First Amendment rights that let you protest, but only against things which are worthy of protesting, are pretty useless. The concept "too innocuous to let anyone protest it" is the camel's nose in the tent.
And if any theory if constitutional construction is to ever have meaning, it can only rest on the requirement that supermajorities decide what the law may cover, and majorities decide only the details. What is sufficiently universally deplored is something which is to be devoid of constitutional protections, and that without the need for overly specific--I think speciously specific--amendment.
This is such a case.
Your "camel's nose under the tent" argument is one which turns the supermajority requirement into something it is not, which is unanimity.
Yours, TDP, ml, msl, &pfpp
EV must think Sullivan is wrongly decided in that it didn't strike down recovery for libel entirely.
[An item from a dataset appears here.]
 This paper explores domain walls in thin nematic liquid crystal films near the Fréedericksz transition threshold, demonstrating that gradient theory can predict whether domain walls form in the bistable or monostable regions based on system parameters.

There's no other way to read this post and commentary.
Otherwise, he's comfortable with punishing falsehoods that (boo hoo!) unfairly make people think bad things - notwithstanding the target's unfettered ability to mitigate damages with her own speech, but against punishing intentionally and outrageously harmful opinions that cause proven damages, where no mitigation of damages(aside from therapy, time and intoxicants, I guess) is possible.
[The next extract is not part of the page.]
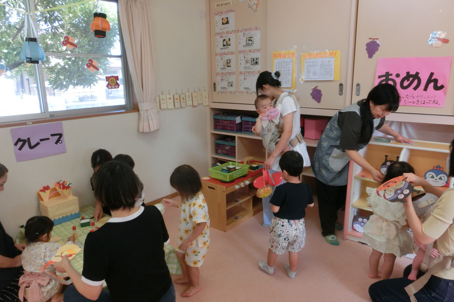 こんにちは支援センターなかばたです。 食欲の秋、読書の秋、スポーツの秋、実りの秋…楽しみの多い季節がやってきました。 先日秋祭りを行いました。お友だちと美味しそうなチョコバナナやクレープを作ってとても楽しそうでした。

This is a logically coherent framework for conceptualizing defamation, but it doesn't fully explain existing law. Even under Supreme Court precedents, where would you put false statements about private figures on matters of public concern? You might want to call this unprotected speech, since it can be subject to liability; but it isn't fully unprotected, since some fault must be shown, punitive damages (and presumably criminal sanctions) cannot be imposed without a showing of actual malice, and the burden of proof must fall on the plaintiff.
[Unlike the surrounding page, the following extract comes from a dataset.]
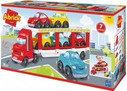 Atraktiven Abrick transporter za prevoz avtomobilčkov! Transporter je opremljen s sklopno rampo, ki omogoča enostavno nakladanje in razkladanje šestih barvnih avtomobilčkov.
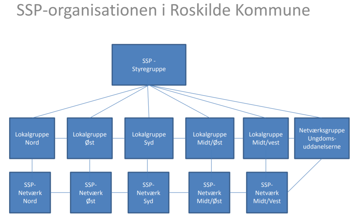 SSP Samarbejdet er et tværfagligt samarbejde mellem Roskilde Kommunes afdelinger Skole og Klub, Børn og Unge og Politiet. Det er organiseret på en måde, så alle, der har med børn og unge at gøre, samarbejder om at koordinere forebyggelse og hjælp - i samarbejde med børnene, de unge og deres forældre.

If you consider the various privacy torts that are widely accepted, but have never been addressed by the Supreme Court, fitting them into the "standard" analysis becomes even more difficult. I suppose you could do so by defining a number of "newly minted" categories of unprotected speech (invasion of privacy, IIED, false lights etc.). But this would be odd for two reasons. First, these torts are old enough that calling their constitutionality "newly minted" seems quite inaccurate in a descriptive sense (since when is the Supreme Court the sole protector of speech?) Second, and more importantly, the categories of speech that are subject to tort liability have not been, and could probably not be, criminally sanctioned. Thus, as has become the case with defamation, the scope of the "unprotected category" would be defined by the scope of the tort, rather than vice versa. That is a sign that the "standard" framework isn't doing much work.